Assignment
Wherever pictures appear in the listing below, leave them out, and copy exactly, and only, everything from the line with "Ammolite Ladies Ring" down to the line with "국경 간 섹시한 비키니".

Record extracts
>>

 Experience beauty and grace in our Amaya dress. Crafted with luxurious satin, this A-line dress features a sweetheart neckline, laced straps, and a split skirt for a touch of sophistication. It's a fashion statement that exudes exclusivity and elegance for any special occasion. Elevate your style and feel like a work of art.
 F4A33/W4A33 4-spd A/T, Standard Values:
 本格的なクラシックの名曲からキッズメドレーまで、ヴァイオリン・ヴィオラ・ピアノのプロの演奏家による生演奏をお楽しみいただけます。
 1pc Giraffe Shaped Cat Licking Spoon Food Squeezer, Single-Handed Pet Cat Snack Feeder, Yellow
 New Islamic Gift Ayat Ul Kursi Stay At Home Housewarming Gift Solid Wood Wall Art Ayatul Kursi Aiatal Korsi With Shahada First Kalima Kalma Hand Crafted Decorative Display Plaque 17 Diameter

<<
>>

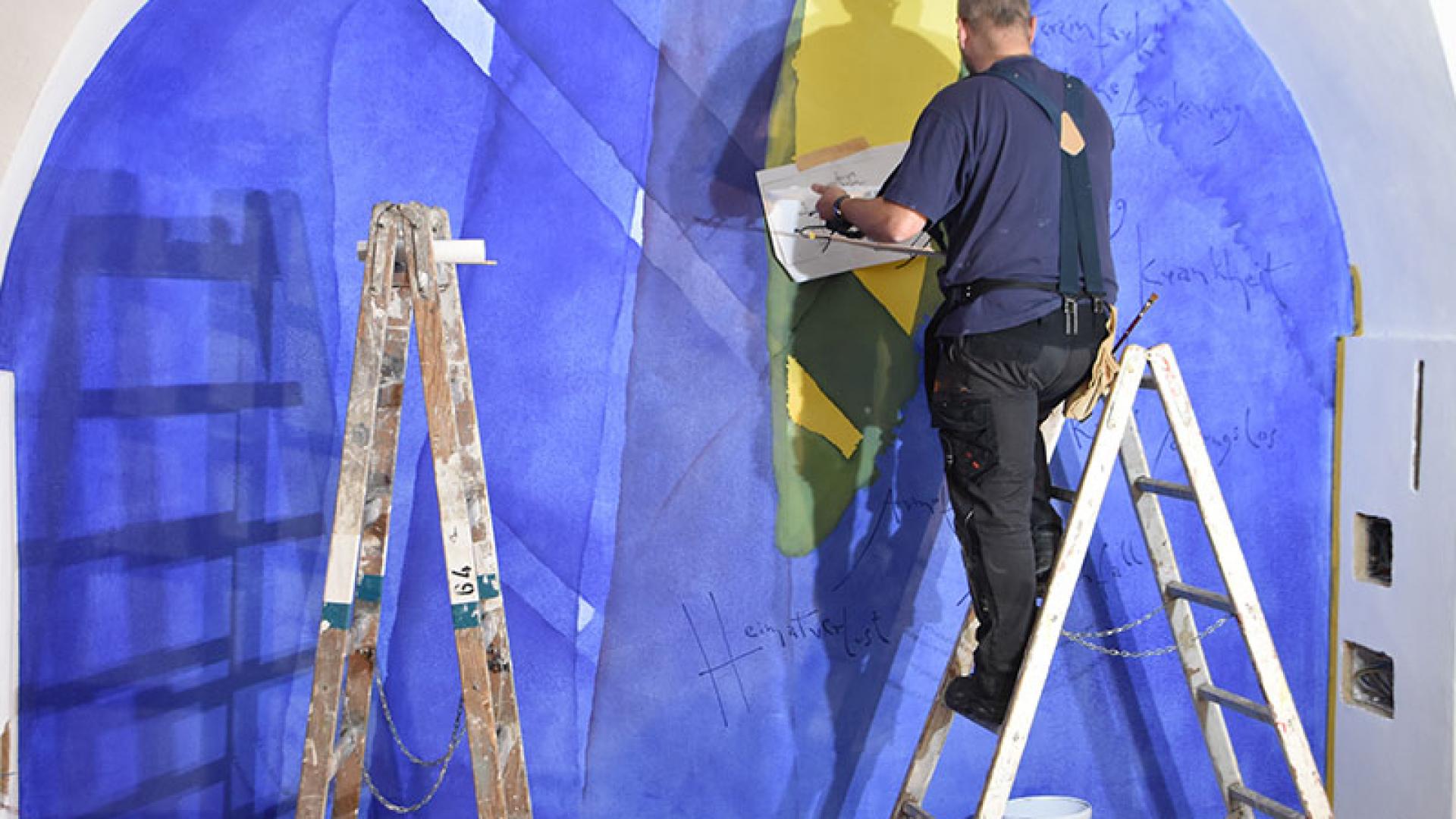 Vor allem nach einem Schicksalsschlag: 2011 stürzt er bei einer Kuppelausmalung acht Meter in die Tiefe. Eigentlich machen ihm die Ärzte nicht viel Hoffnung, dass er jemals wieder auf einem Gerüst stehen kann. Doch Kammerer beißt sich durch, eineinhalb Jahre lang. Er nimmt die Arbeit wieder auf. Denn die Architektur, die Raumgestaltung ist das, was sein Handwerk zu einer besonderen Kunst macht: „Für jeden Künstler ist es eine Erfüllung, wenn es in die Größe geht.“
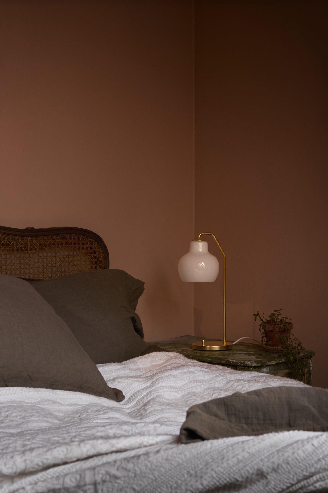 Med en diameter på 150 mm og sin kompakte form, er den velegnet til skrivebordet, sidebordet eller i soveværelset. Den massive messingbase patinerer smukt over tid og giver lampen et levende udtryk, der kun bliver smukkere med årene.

<<
>>

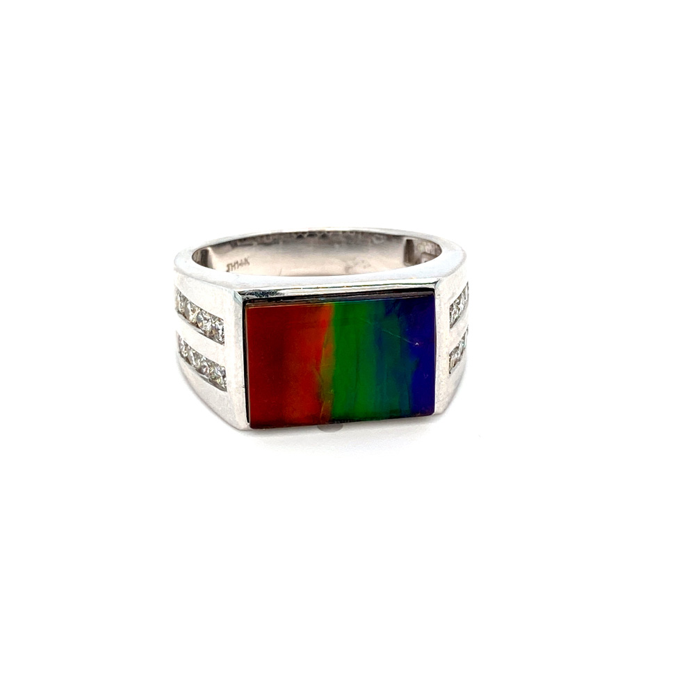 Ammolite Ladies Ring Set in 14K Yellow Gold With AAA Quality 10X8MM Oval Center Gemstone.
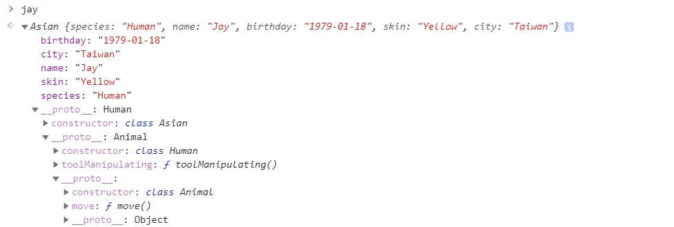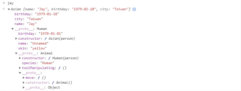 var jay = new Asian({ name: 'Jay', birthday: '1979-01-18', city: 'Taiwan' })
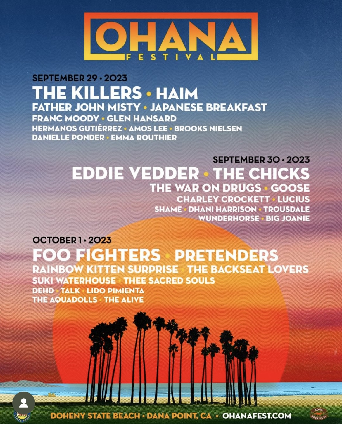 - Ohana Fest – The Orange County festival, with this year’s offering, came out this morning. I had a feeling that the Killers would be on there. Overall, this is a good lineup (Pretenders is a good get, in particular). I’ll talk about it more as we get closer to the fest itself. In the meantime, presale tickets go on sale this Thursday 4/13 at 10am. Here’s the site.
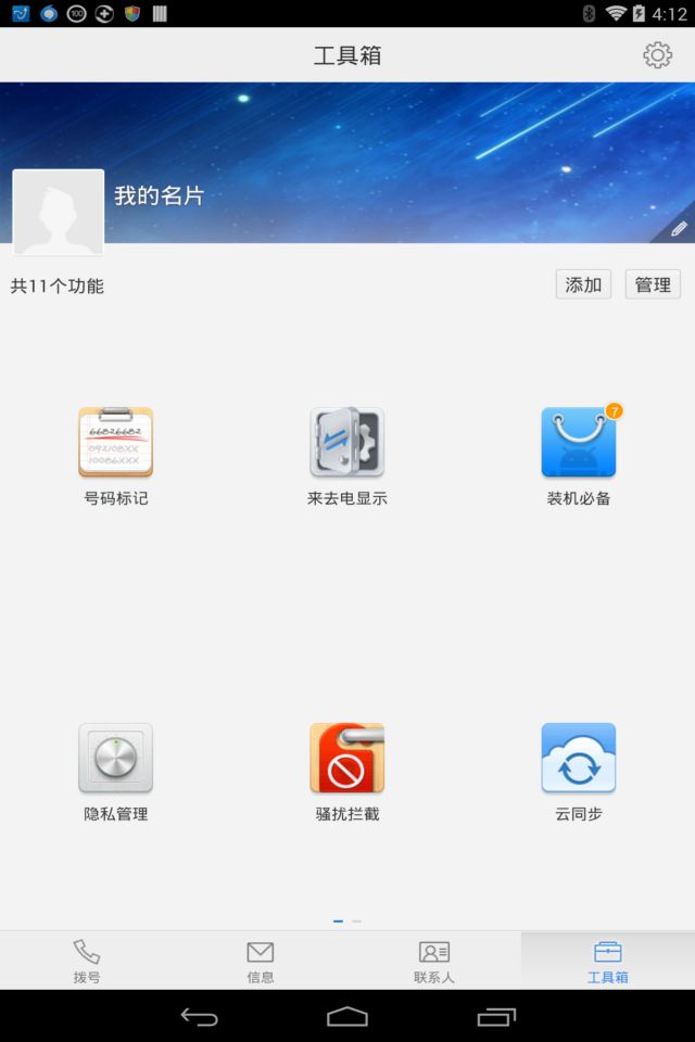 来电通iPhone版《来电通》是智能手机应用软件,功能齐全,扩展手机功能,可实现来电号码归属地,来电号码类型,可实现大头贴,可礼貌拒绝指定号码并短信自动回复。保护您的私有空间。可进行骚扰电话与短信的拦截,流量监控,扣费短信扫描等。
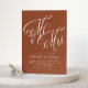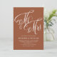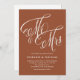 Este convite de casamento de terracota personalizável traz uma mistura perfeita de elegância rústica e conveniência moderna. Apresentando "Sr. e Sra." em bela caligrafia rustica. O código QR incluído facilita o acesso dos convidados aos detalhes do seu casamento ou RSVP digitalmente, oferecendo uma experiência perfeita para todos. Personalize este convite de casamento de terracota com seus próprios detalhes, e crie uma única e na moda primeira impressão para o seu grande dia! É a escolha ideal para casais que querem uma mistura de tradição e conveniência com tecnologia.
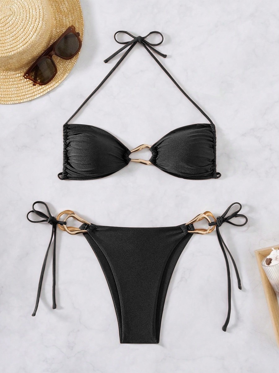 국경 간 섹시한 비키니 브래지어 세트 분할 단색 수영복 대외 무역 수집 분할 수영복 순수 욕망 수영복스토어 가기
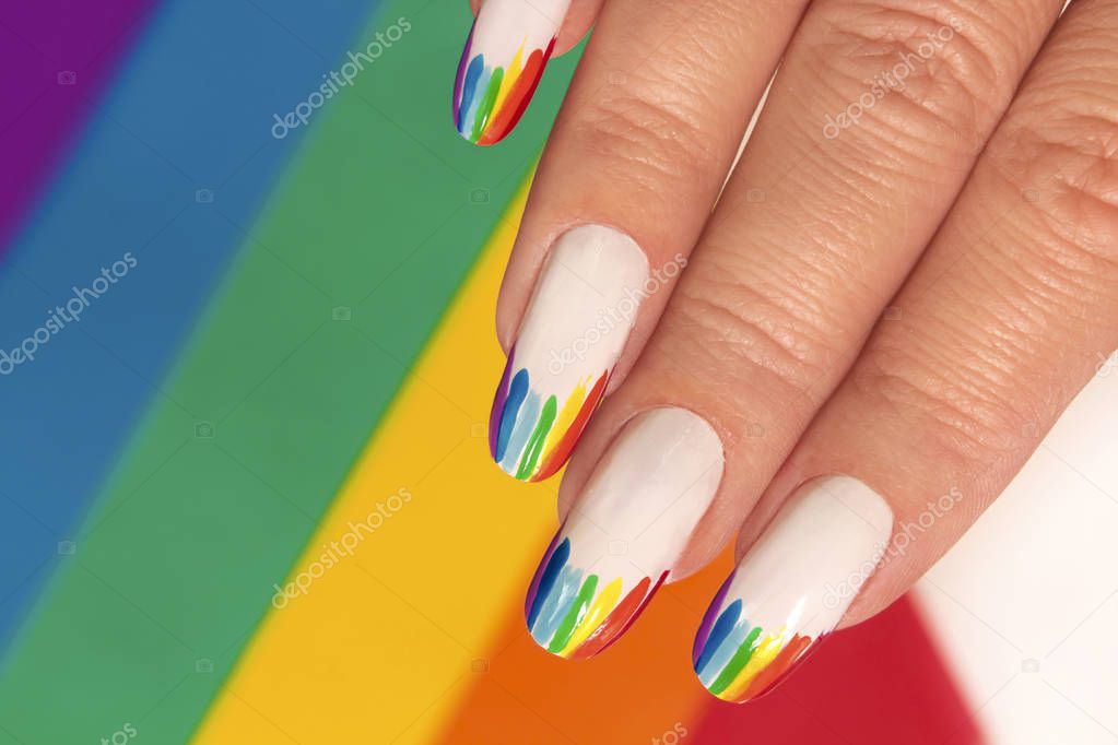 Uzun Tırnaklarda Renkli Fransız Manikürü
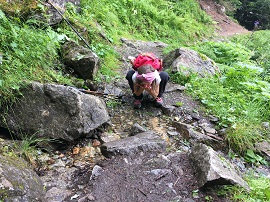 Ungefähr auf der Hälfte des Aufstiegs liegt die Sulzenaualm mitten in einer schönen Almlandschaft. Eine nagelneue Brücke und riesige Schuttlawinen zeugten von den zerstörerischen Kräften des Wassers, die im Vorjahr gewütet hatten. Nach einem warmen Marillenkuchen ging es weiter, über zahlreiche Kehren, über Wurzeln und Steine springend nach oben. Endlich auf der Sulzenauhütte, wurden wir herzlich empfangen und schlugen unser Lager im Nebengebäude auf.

<<

Solution to the problem
 Ammolite Ladies Ring Set in 14K Yellow Gold With AAA Quality 10X8MM Oval Center Gemstone.
 var jay = new Asian({ name: 'Jay', birthday: '1979-01-18', city: 'Taiwan' })
 - Ohana Fest – The Orange County festival, with this year’s offering, came out this morning. I had a feeling that the Killers would be on there. Overall, this is a good lineup (Pretenders is a good get, in particular). I’ll talk about it more as we get closer to the fest itself. In the meantime, presale tickets go on sale this Thursday 4/13 at 10am. Here’s the site.
 来电通iPhone版《来电通》是智能手机应用软件,功能齐全,扩展手机功能,可实现来电号码归属地,来电号码类型,可实现大头贴,可礼貌拒绝指定号码并短信自动回复。保护您的私有空间。可进行骚扰电话与短信的拦截,流量监控,扣费短信扫描等。
 Este convite de casamento de terracota personalizável traz uma mistura perfeita de elegância rústica e conveniência moderna. Apresentando "Sr. e Sra." em bela caligrafia rustica. O código QR incluído facilita o acesso dos convidados aos detalhes do seu casamento ou RSVP digitalmente, oferecendo uma experiência perfeita para todos. Personalize este convite de casamento de terracota com seus próprios detalhes, e crie uma única e na moda primeira impressão para o seu grande dia! É a escolha ideal para casais que querem uma mistura de tradição e conveniência com tecnologia.
 국경 간 섹시한 비키니 브래지어 세트 분할 단색 수영복 대외 무역 수집 분할 수영복 순수 욕망 수영복스토어 가기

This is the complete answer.